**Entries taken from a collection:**
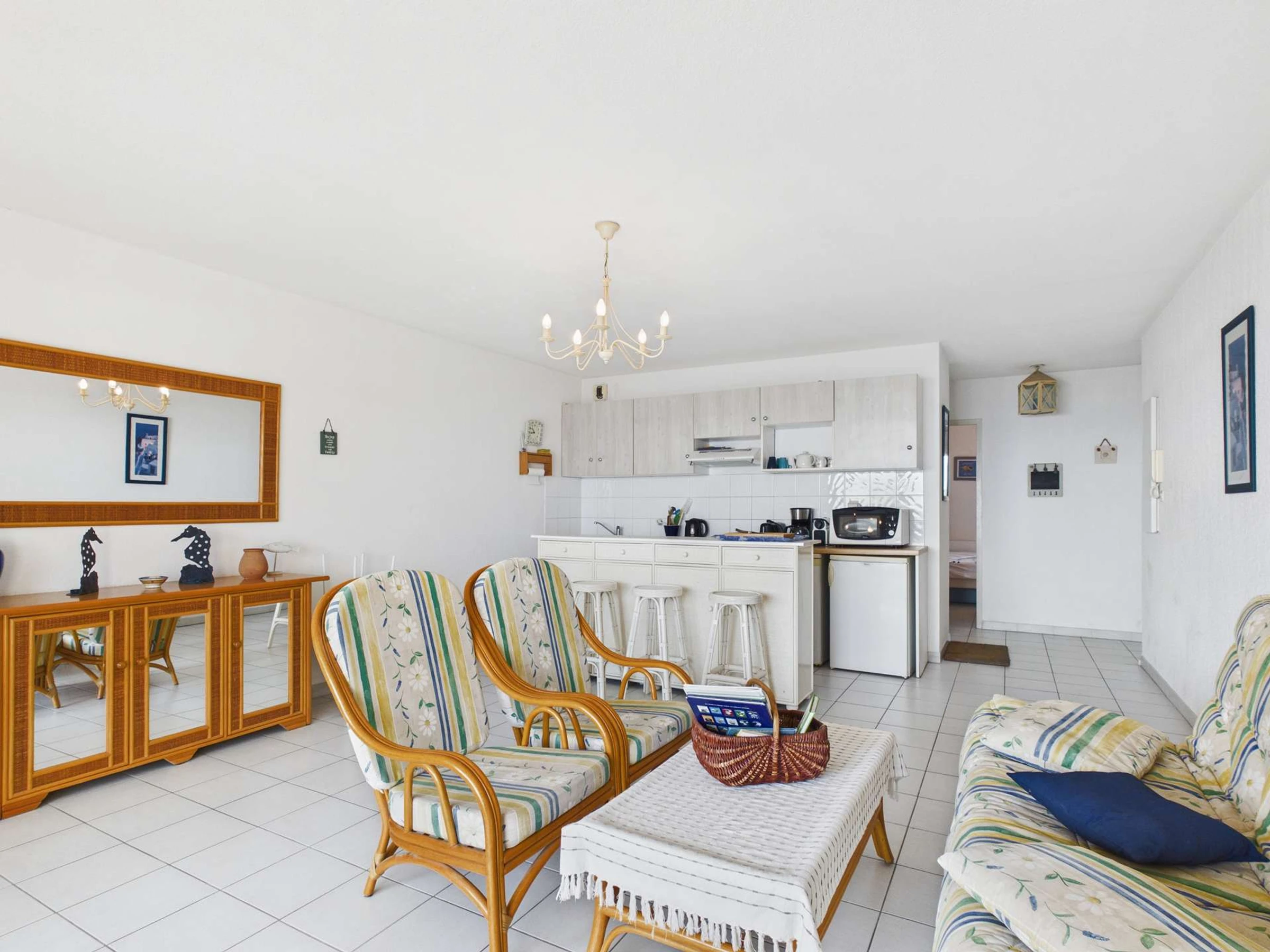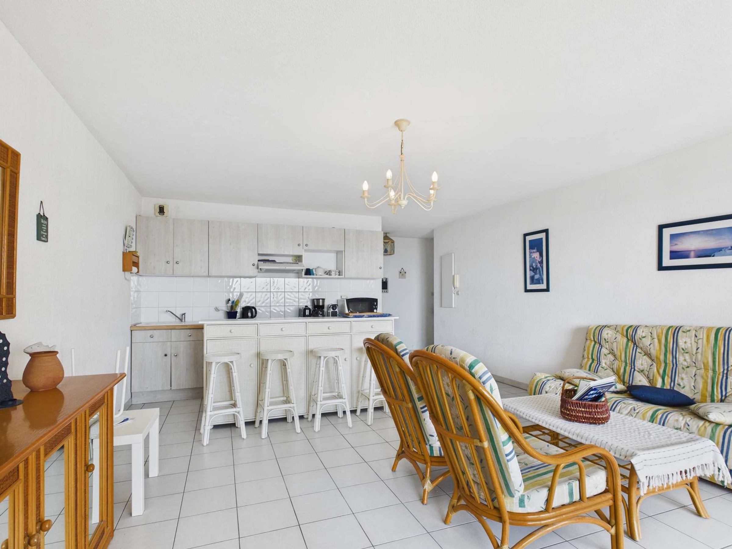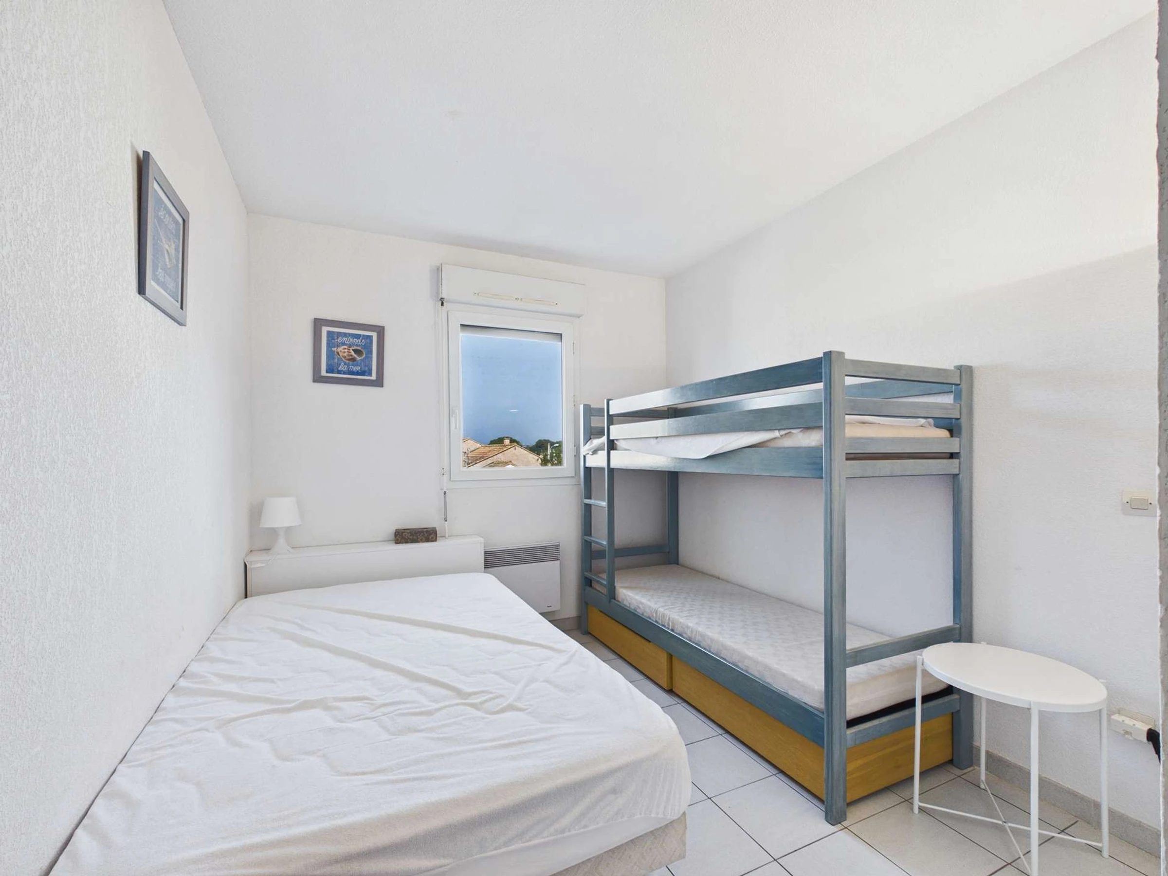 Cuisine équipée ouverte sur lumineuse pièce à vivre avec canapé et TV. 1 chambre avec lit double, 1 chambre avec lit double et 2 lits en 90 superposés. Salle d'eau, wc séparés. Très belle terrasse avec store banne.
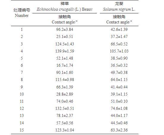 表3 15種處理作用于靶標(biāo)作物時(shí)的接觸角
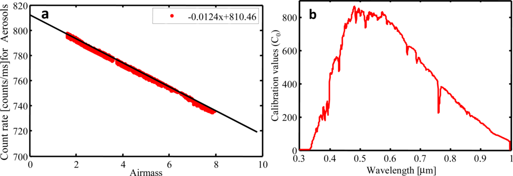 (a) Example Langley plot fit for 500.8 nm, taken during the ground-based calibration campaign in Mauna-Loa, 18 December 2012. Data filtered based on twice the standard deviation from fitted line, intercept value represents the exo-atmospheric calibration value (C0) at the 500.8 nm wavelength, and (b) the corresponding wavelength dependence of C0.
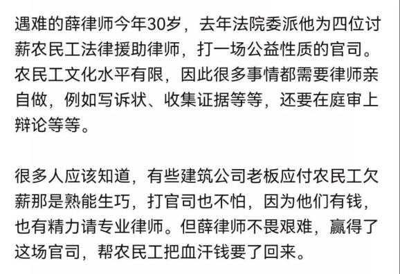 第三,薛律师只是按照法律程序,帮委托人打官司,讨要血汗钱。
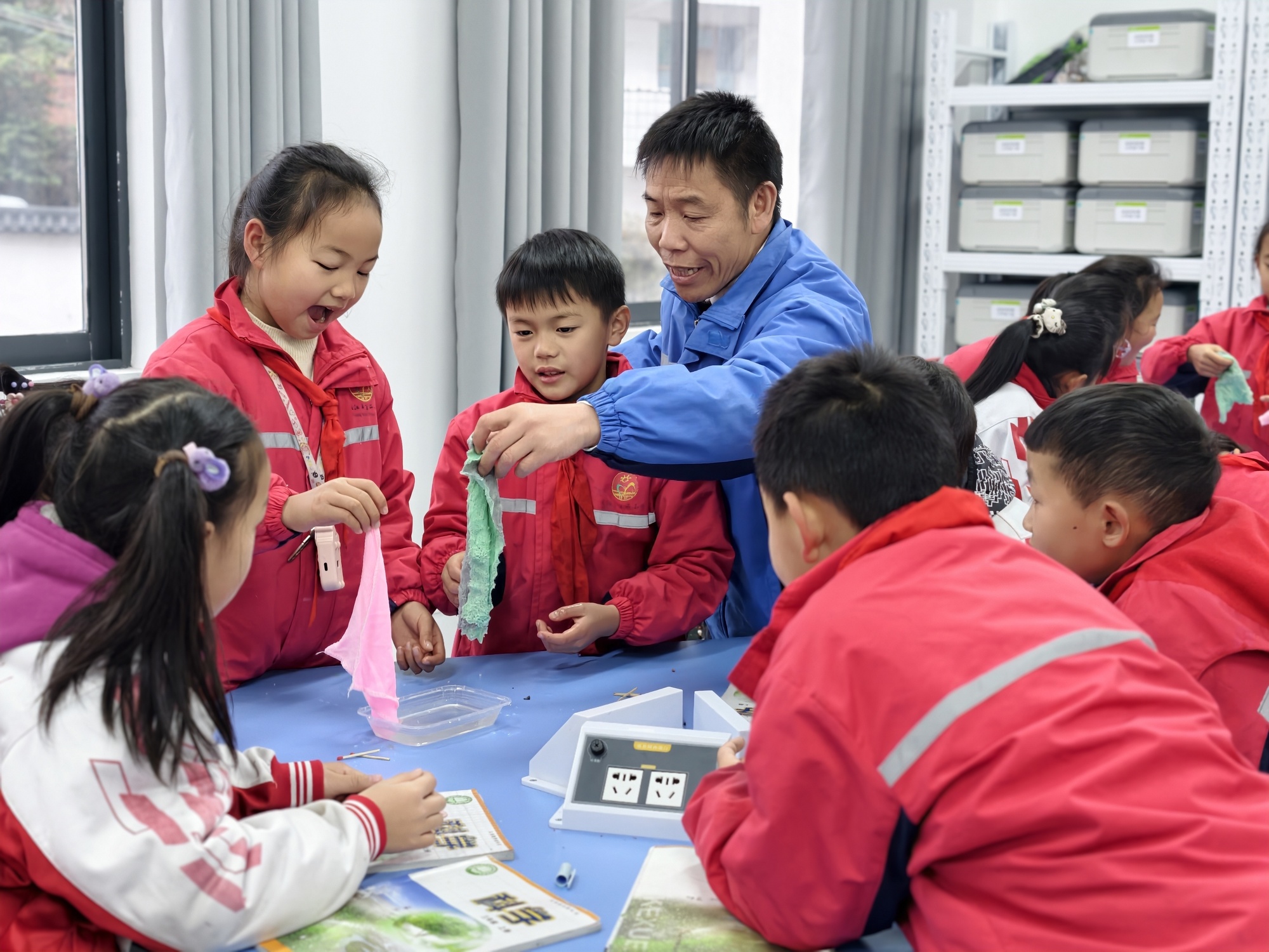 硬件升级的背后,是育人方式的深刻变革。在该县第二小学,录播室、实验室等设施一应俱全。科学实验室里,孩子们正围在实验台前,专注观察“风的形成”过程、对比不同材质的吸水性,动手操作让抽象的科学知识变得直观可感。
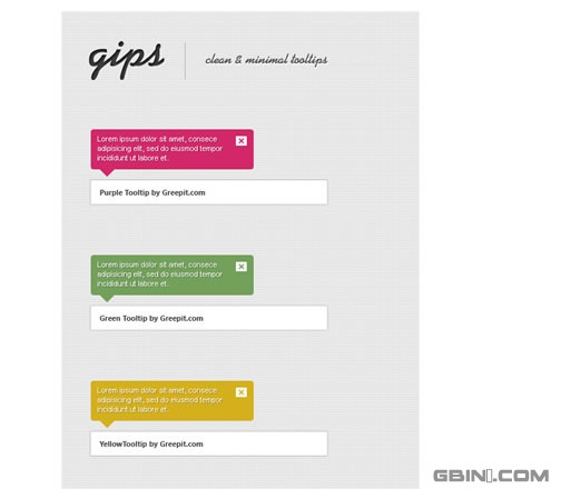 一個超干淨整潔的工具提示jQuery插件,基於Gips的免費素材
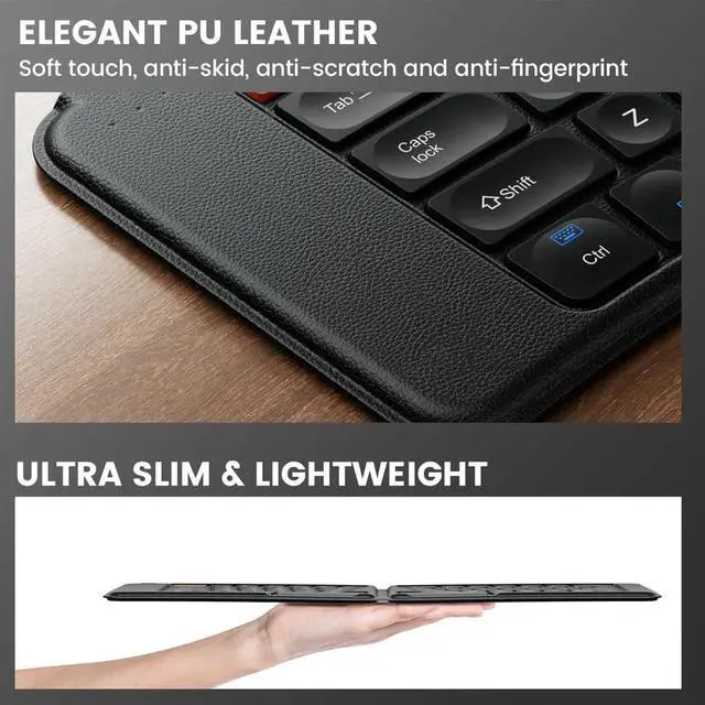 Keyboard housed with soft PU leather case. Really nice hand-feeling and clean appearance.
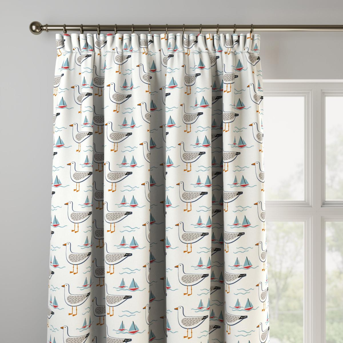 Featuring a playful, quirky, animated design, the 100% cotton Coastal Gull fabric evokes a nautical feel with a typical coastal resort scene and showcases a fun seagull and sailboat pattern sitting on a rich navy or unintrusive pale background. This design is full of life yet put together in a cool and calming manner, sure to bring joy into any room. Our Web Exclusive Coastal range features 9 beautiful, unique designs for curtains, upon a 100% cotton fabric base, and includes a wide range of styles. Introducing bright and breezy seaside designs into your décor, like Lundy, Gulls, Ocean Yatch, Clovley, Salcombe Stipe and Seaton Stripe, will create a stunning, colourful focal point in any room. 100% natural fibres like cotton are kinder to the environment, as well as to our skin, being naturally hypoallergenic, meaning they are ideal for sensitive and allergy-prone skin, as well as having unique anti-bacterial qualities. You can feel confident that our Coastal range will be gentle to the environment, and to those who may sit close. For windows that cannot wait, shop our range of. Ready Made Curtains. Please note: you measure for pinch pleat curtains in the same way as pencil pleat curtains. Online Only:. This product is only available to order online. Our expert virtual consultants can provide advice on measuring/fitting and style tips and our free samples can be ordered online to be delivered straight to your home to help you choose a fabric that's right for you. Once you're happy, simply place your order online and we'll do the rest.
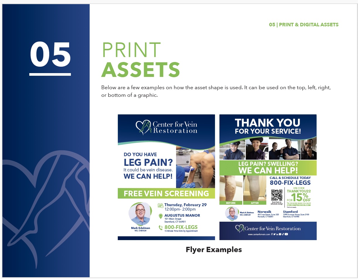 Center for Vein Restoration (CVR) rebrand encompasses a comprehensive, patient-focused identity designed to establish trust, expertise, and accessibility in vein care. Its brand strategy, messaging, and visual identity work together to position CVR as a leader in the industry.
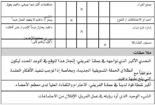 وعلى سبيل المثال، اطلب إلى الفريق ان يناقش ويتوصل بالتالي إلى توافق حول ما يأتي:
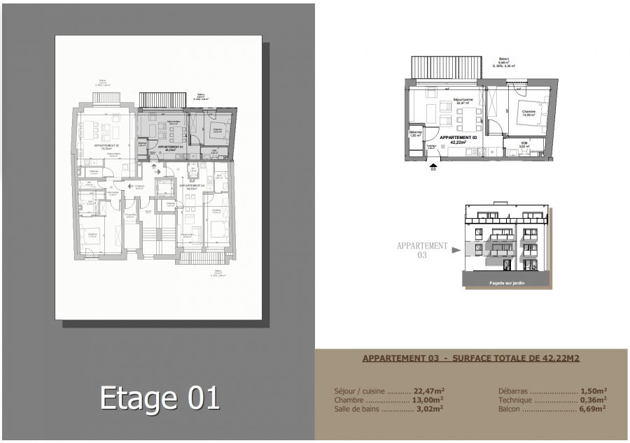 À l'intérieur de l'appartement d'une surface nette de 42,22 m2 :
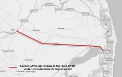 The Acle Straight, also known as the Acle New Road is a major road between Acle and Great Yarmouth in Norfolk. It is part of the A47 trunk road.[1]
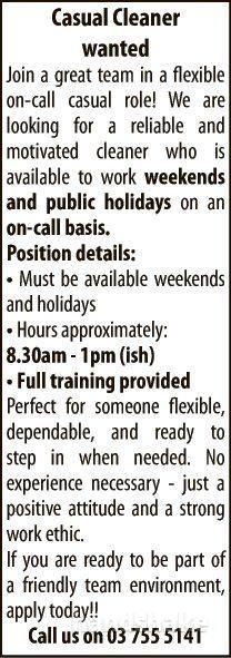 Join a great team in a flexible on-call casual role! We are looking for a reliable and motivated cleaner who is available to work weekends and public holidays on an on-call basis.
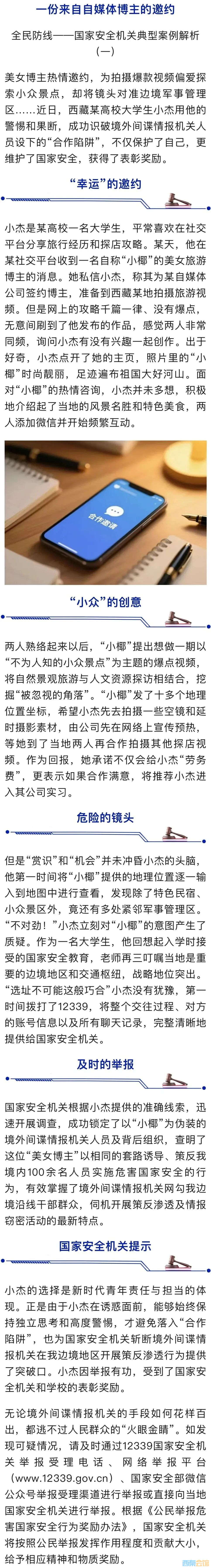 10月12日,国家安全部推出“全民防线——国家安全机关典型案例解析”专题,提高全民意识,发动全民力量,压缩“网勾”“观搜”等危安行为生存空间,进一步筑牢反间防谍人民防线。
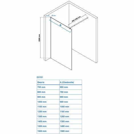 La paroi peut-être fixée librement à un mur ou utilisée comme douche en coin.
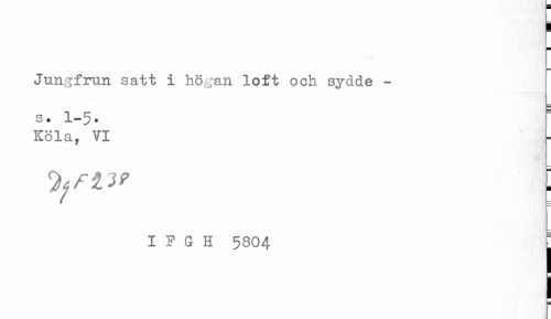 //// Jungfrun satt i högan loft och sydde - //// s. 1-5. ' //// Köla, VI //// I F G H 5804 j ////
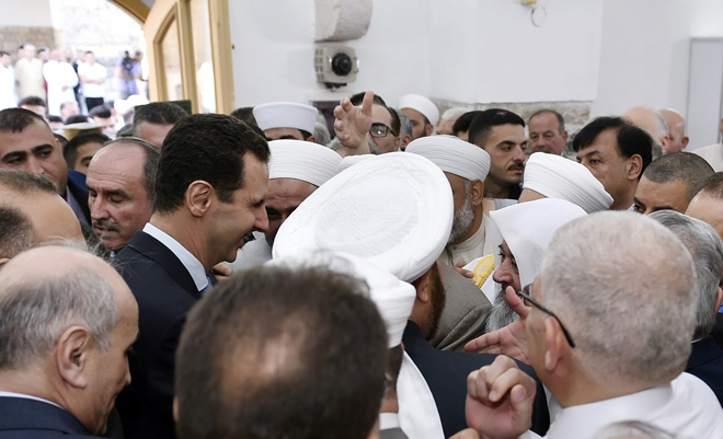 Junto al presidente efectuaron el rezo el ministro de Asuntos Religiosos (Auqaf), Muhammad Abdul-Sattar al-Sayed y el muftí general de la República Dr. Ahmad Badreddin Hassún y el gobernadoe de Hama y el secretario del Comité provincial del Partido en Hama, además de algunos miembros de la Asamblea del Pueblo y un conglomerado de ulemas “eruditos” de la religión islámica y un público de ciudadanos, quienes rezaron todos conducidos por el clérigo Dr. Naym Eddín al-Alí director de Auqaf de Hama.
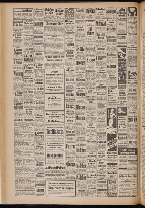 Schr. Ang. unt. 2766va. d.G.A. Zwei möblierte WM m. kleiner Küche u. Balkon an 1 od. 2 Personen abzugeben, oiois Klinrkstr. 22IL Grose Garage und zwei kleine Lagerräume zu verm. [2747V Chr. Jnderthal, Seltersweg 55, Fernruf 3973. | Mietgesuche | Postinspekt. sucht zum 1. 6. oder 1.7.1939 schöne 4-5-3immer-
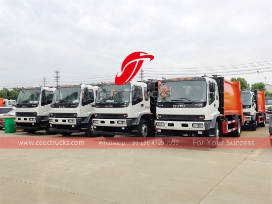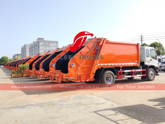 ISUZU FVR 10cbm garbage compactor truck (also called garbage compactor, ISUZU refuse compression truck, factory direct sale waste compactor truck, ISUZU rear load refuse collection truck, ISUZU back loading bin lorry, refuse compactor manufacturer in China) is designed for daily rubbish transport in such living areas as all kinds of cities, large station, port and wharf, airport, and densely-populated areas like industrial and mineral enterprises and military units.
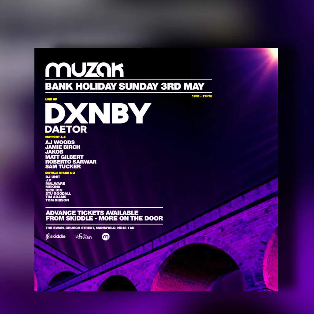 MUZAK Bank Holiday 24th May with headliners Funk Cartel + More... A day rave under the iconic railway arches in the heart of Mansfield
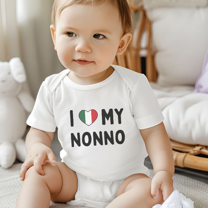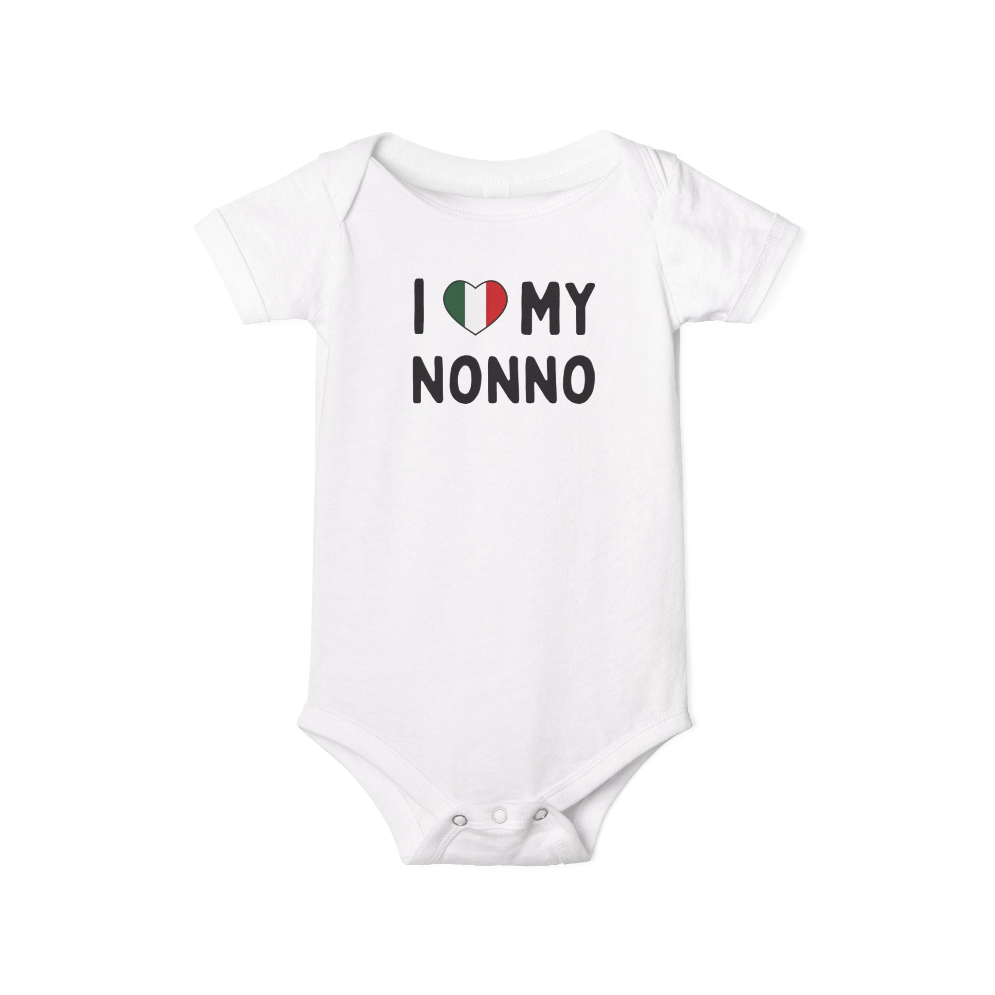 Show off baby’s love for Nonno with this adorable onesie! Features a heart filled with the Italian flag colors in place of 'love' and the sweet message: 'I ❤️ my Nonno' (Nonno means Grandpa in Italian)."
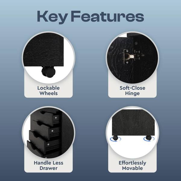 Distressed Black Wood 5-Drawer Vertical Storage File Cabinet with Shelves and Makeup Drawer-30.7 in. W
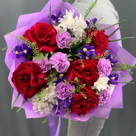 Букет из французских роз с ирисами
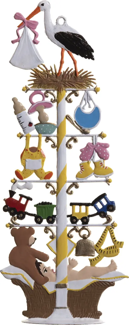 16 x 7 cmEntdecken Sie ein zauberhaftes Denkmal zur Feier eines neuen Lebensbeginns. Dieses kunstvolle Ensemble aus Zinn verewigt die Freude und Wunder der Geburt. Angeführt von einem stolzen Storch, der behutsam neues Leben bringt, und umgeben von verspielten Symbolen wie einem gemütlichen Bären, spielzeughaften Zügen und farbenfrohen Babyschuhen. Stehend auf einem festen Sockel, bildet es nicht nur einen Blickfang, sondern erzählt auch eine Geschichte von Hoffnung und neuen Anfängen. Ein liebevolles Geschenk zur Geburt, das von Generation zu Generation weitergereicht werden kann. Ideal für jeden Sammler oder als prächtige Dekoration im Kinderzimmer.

**Try it:** From the entries above, copy exactly the lines starting at the one with "Distressed Black Wood" and stopping at the one with "Букет из французских роз с ирисами", keeping both ends. Drop the pictures.

**Finished task:**
 Distressed Black Wood 5-Drawer Vertical Storage File Cabinet with Shelves and Makeup Drawer-30.7 in. W
 Букет из французских роз с ирисами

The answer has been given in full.